TASK DETAILS =
Transcribe every entry exactly; the images stay out.
==========
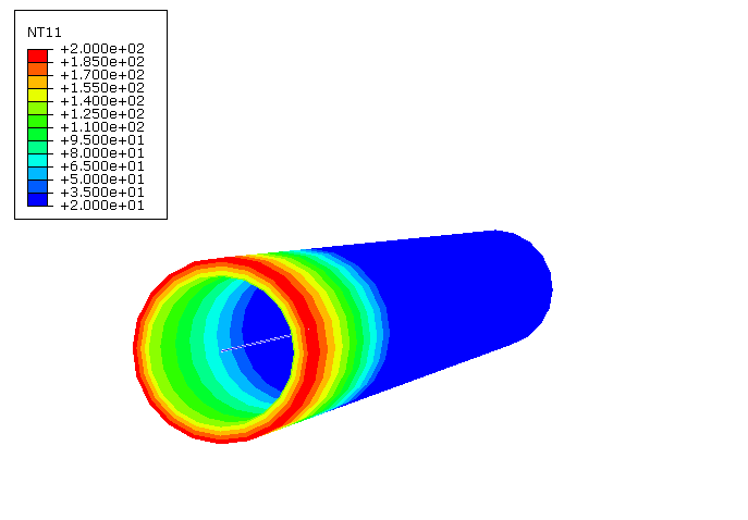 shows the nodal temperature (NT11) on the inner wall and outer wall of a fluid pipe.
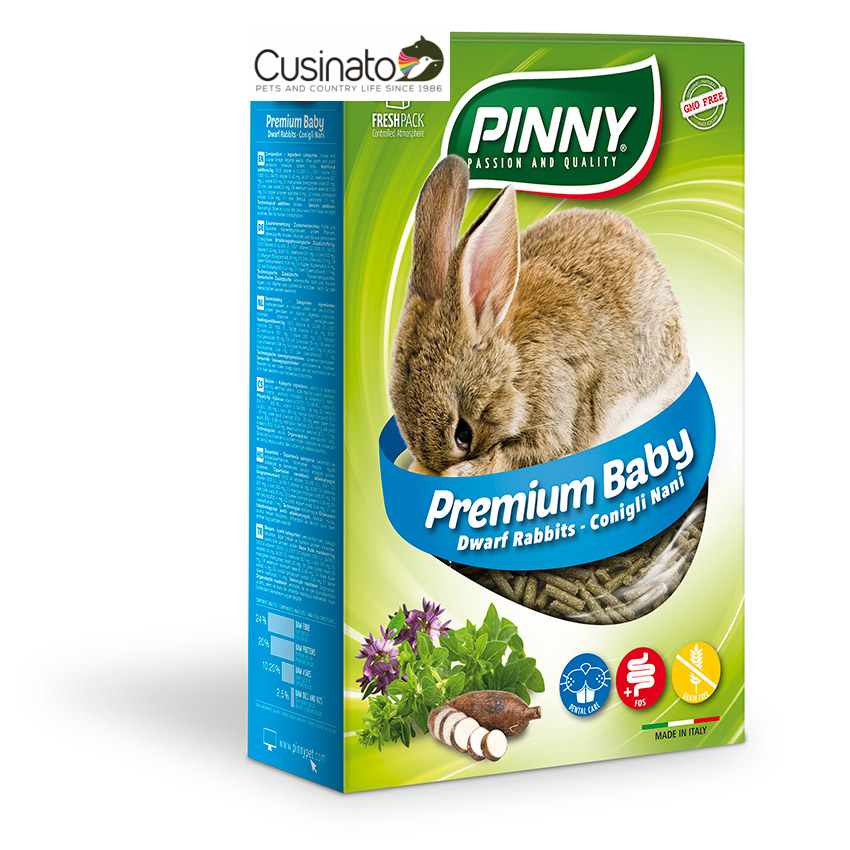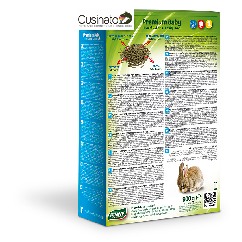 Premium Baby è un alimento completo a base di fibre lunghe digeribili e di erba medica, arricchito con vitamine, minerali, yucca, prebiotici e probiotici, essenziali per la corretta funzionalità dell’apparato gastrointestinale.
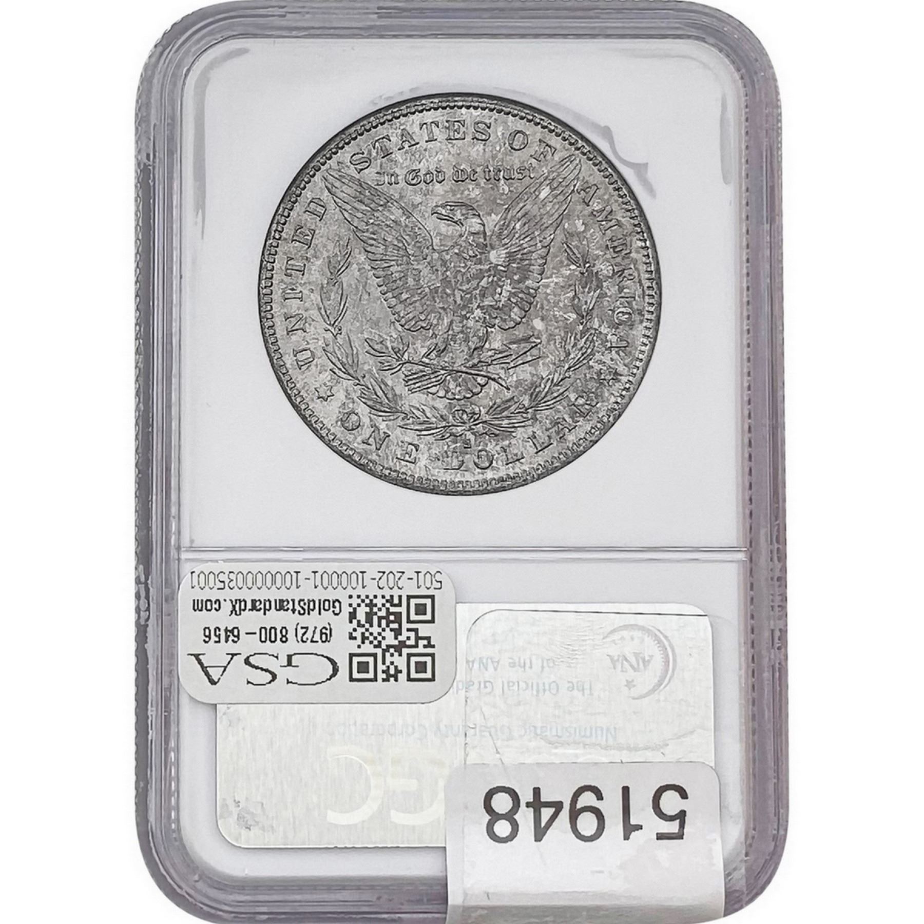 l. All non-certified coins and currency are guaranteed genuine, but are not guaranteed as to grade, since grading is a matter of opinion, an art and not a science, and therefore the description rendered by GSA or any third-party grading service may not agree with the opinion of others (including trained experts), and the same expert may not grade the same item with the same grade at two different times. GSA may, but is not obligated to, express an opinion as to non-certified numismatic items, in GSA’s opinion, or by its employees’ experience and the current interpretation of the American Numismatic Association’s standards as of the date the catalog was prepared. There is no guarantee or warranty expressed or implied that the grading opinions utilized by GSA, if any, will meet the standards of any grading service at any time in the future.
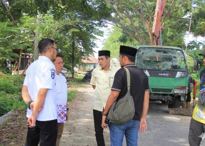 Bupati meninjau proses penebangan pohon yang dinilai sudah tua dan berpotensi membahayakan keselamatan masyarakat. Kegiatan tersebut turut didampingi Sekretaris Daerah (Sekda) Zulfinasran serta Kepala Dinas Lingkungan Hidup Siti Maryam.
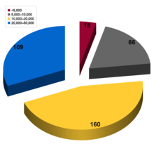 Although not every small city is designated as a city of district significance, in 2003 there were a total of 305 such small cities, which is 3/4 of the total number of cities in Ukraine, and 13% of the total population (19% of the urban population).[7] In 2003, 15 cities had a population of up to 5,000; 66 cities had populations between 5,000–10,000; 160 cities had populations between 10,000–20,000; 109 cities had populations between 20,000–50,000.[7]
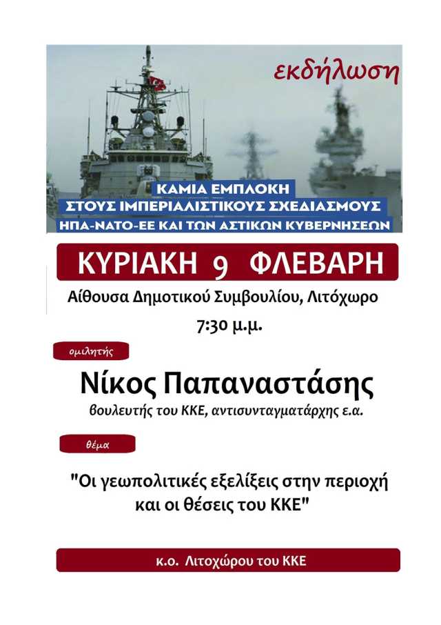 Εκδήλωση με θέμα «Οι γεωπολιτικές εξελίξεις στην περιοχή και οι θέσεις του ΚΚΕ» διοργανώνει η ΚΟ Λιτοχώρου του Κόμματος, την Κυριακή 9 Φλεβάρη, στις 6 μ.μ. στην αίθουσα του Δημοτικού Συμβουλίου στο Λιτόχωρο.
==========
OUTPUT =
 shows the nodal temperature (NT11) on the inner wall and outer wall of a fluid pipe.
 Premium Baby è un alimento completo a base di fibre lunghe digeribili e di erba medica, arricchito con vitamine, minerali, yucca, prebiotici e probiotici, essenziali per la corretta funzionalità dell’apparato gastrointestinale.
 l. All non-certified coins and currency are guaranteed genuine, but are not guaranteed as to grade, since grading is a matter of opinion, an art and not a science, and therefore the description rendered by GSA or any third-party grading service may not agree with the opinion of others (including trained experts), and the same expert may not grade the same item with the same grade at two different times. GSA may, but is not obligated to, express an opinion as to non-certified numismatic items, in GSA’s opinion, or by its employees’ experience and the current interpretation of the American Numismatic Association’s standards as of the date the catalog was prepared. There is no guarantee or warranty expressed or implied that the grading opinions utilized by GSA, if any, will meet the standards of any grading service at any time in the future.
 Bupati meninjau proses penebangan pohon yang dinilai sudah tua dan berpotensi membahayakan keselamatan masyarakat. Kegiatan tersebut turut didampingi Sekretaris Daerah (Sekda) Zulfinasran serta Kepala Dinas Lingkungan Hidup Siti Maryam.
 Although not every small city is designated as a city of district significance, in 2003 there were a total of 305 such small cities, which is 3/4 of the total number of cities in Ukraine, and 13% of the total population (19% of the urban population).[7] In 2003, 15 cities had a population of up to 5,000; 66 cities had populations between 5,000–10,000; 160 cities had populations between 10,000–20,000; 109 cities had populations between 20,000–50,000.[7]
 Εκδήλωση με θέμα «Οι γεωπολιτικές εξελίξεις στην περιοχή και οι θέσεις του ΚΚΕ» διοργανώνει η ΚΟ Λιτοχώρου του Κόμματος, την Κυριακή 9 Φλεβάρη, στις 6 μ.μ. στην αίθουσα του Δημοτικού Συμβουλίου στο Λιτόχωρο.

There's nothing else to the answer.